During indexing, the *.jar, *.zip, *.properties files are loaded into classpath first, following by the system classpath, and all usual *.jar and *.zip files under WEB-INF/lib, and WEB-INF/lib/ext/indexing.

Customized Fetcher

When creating an index, you would notice a new option to select from "Customized Fetcher". The fetcher needs to be written in Java, inheriting AbstractFetcher class. There are two functions need to be defined.

Overwrite List<FieldType> getFieldTypes(Properties p)

The properties object contains the name and value pair of strings that can be specified when configuring the fetcher.

In here, you just need to list out the fields, and specifying the primary key field and modified date field. Here is an simple example:

   public List<FieldType> getFieldTypes(Properties p) {
       List<FieldType> ret = new ArrayList<FieldType>();
       ret.add(new NumberFieldType("id").setPrimaryKey(true));
       ret.add(new StringFieldType("title"));
       ret.add(new TimestampFieldType("modified_time").setModifiedTime(true));
       return ret;
   }

Overwrite void execute(Properties p, long lastRunTime)

The properties object contains the name and value pair of strings that can be specified when configuring the fetcher.

In this function, you need to call scheduleDocument(document) to pass the document down the pipeline. This way, the data are not hogged in the memory and you can free the memory for previous documents to process the next one.

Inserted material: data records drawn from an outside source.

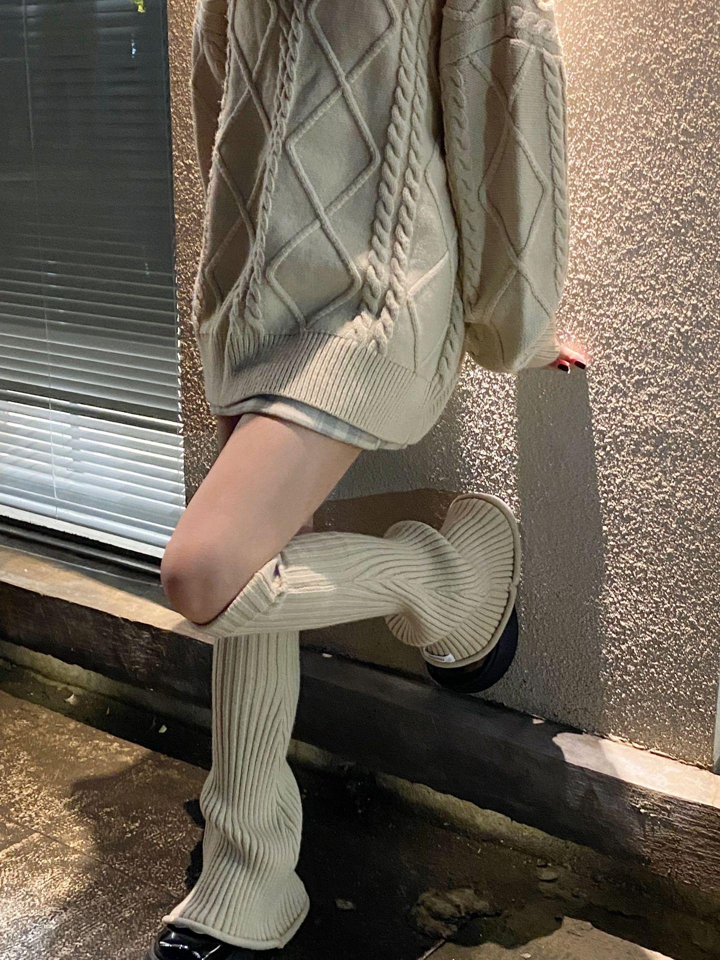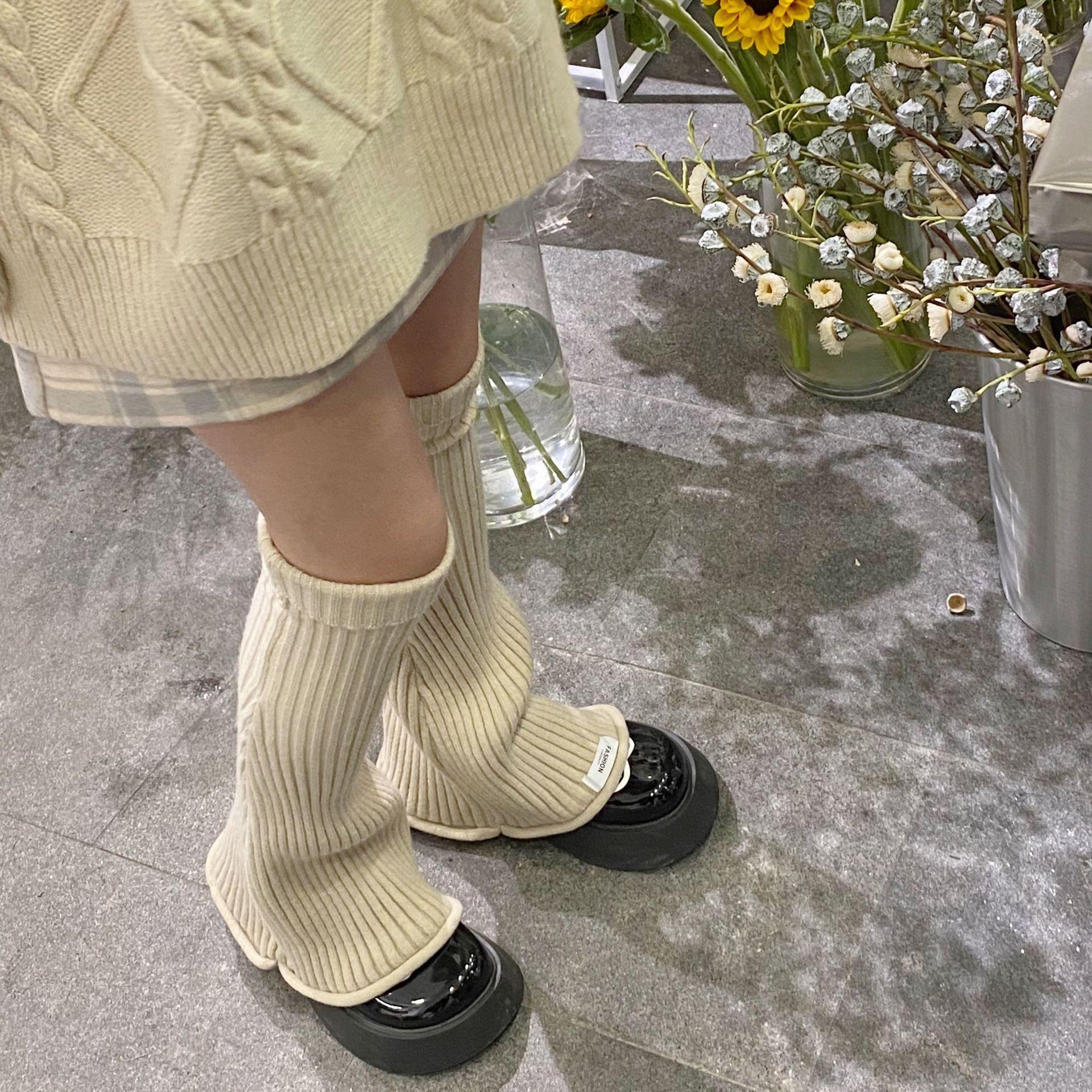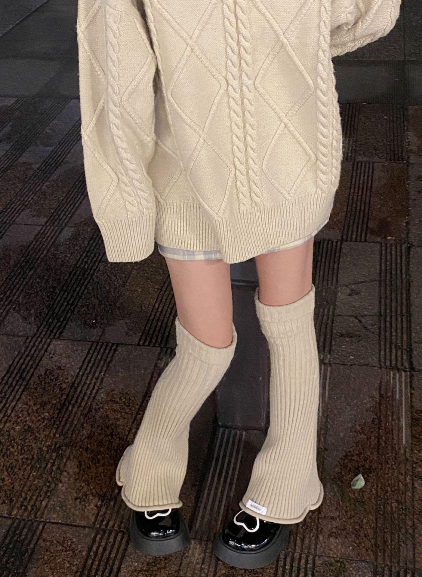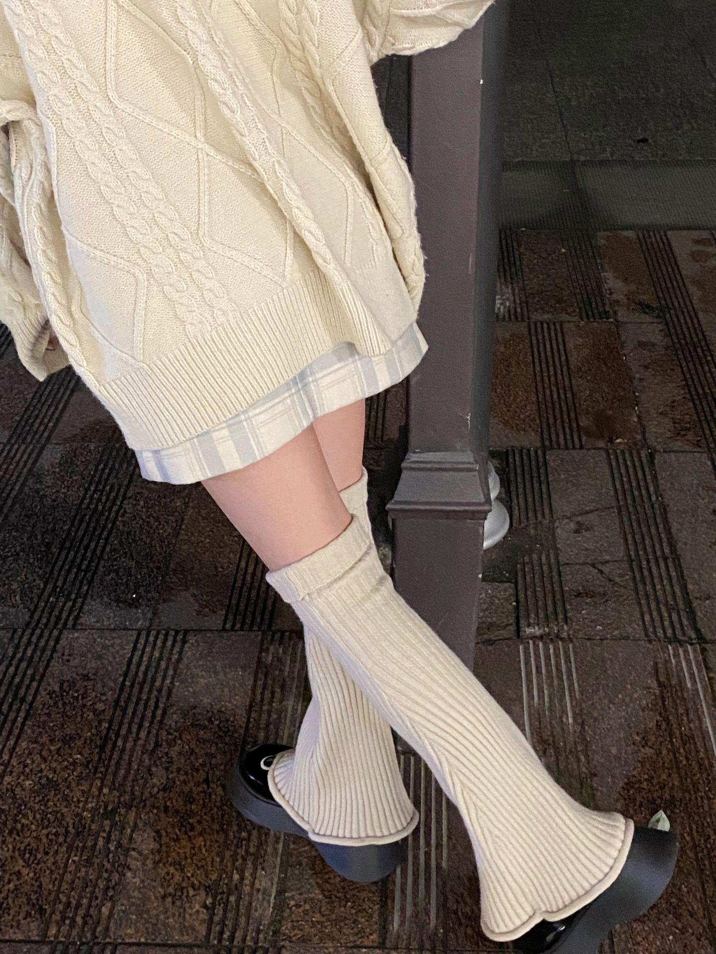Otoño e Invierno Celebridad de Internet Calentador de Piernas Cálido Retro Forma de Cuerno Herradura Pequeño Delgado Tejido de Lana a Rayas Calcetines Anchos para Pierna
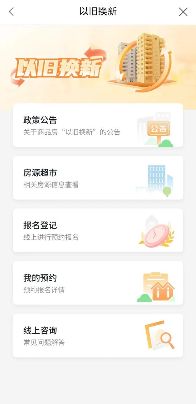 具体操作:进入“鹿路通APP”首页,搜索“以旧换新”,进入页面后,页面内容包括“政策公告”、“房源超市”、“报名登记”、“我的预约”和“线上咨询”五大模块。
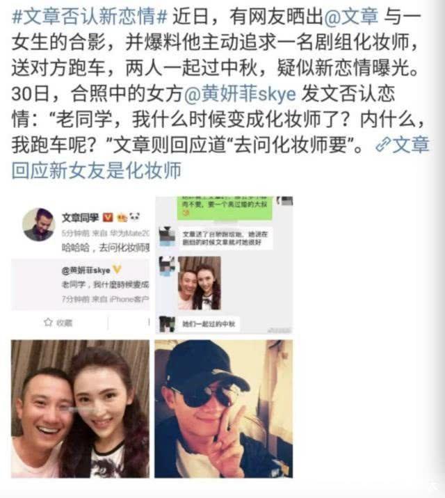 在此期间,也有传闻称文章恋上新的女友,其一是他的化妆师,不过很快被文章否认。此后又有美女深夜接机文章,媒体称两人在车内接吻,但很快文章也进行了辟谣,表示就普通朋友而已,没有接吻,对方只是在帮自己系安全带。
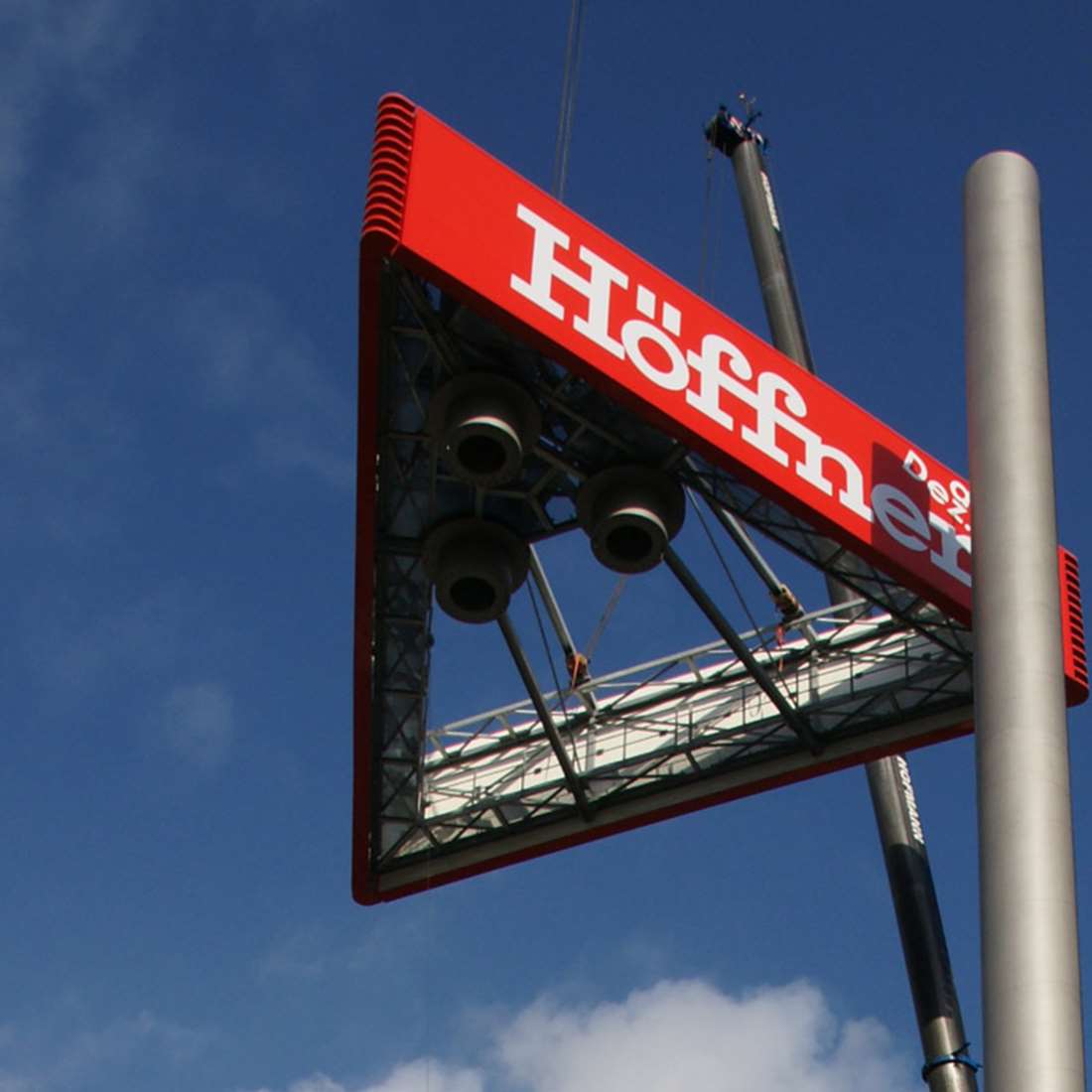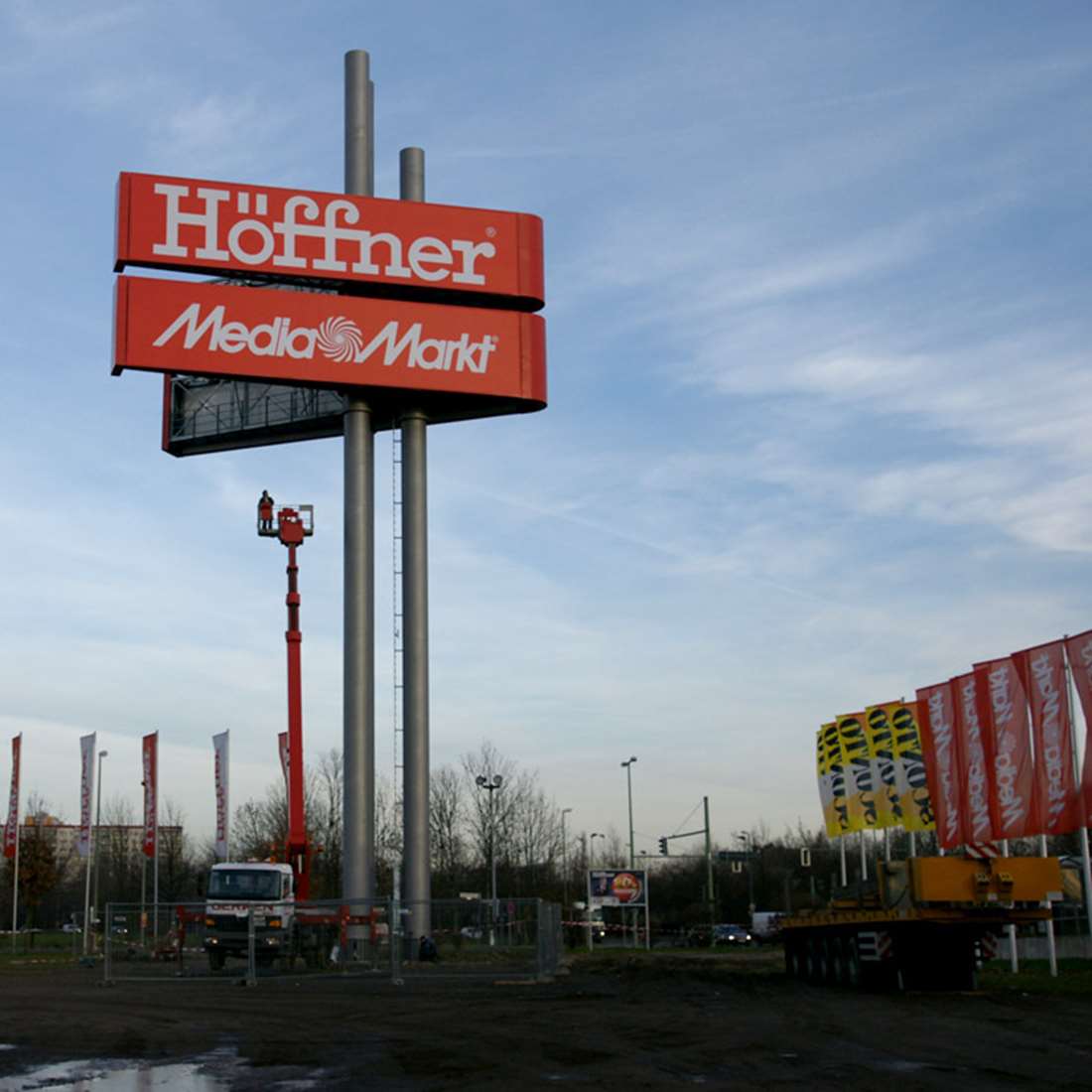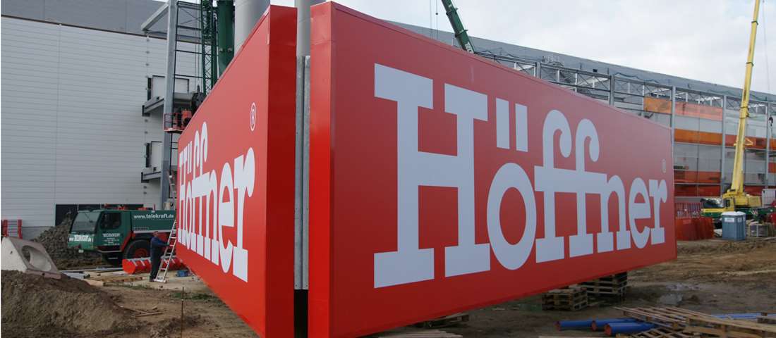 Ende 2014 wurde in Neuss das modernste Einrichtungshaus NRWs eröffnet. Ein weiteres gigantisches Möbelhaus des traditionsreichen Familienunternehmens Höffner – in neuer Dimension. Bei diesem Projekt legte das Unternehmen höchsten Wert auf eine beständige und helle Ausleuchtung, auf unkomplizierte Wartung und hohe Witterungsbeständigkeit. Unsere energiebewusste Lösung mit Lichtsensortechnik garantiert eine homogene Ausleuchtung mit maximaler Lebensdauer. Die Wartung erfolgt über rückseitige Stege und eingebrachte Revisionsklappen, die eine problemlose und kosteneffiziente Instandhaltung ermöglichen. Durch die spezielle Beschichtung der eingesetzten Transparente sieht der Pylon auch in ferner Zukunft noch aus wie neu. Ein Pylon von unglaublichen 50 Metern Höhe ragt nun in den Himmel von Neuss und begrüßt die Kunden des Möbelhauses.
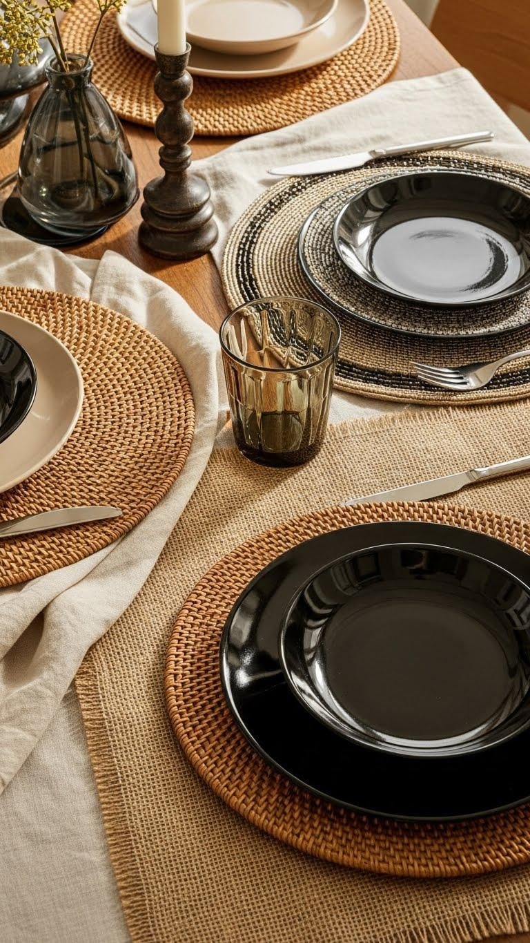 After soft linens and rough burlap set the scene, swap in rattan, beaded, or lacquered placemats to change the table’s personality without losing that handmade warmth. You’ll love the woven texture and natural hues anchoring each setting; beaded pieces add sparkle while lacquered ones offer a glossy finish. Mix them for modern contrast that feels liberated, curated, and effortless.

In this function, if lastRunTime == 0, it'll be a re-creating index. If lastRuntime>0, the lastRunTime would be the latest modified time in existing indexes. Here is a dumb example:

   public void execute(Properties p, long lastRunTime, List<Column> columns) {
       if(lastRunTime>0) {
           // an incremental indexing
           for(int i=50;i<150;i++) {
               TextDocument td = new TextDocument();
               td.add("id", Integer.toString(i));
               td.add("title", "incrementally updated document title "+i);
               td.add("modified_time", new Date(System.currentTimeMillis()));
               scheduleDocument(td);
           }
           //delete some old document
           TextDocument td = new TextDocument();
           td.add("id", Integer.toString(i));
           scheduleDeleteDocument(td);
       }else {
           // a re-create indexing
           for(int i=0;i<100;i++) {
               TextDocument td = new TextDocument();
               td.add("id", Integer.toString(i));
               td.add("title", "document title "+i);
               td.add("modified_time", new Date(System.currentTimeMillis()));
               scheduleDocument(td);
           }
       }
   }

Get Started

The sample fetcher has all the information you will need. You can start with the build.xml, to adjust 3 key properties:

dir : the directory name. Should be unique among all fetchers.
DBSIGHT_HOME : the directory you installed DBSIGHT
jarName : Give you jar file a name.

Then, just use the sample as a starting point, rename the DumbFetcher and TestFetcher to your own class name/package.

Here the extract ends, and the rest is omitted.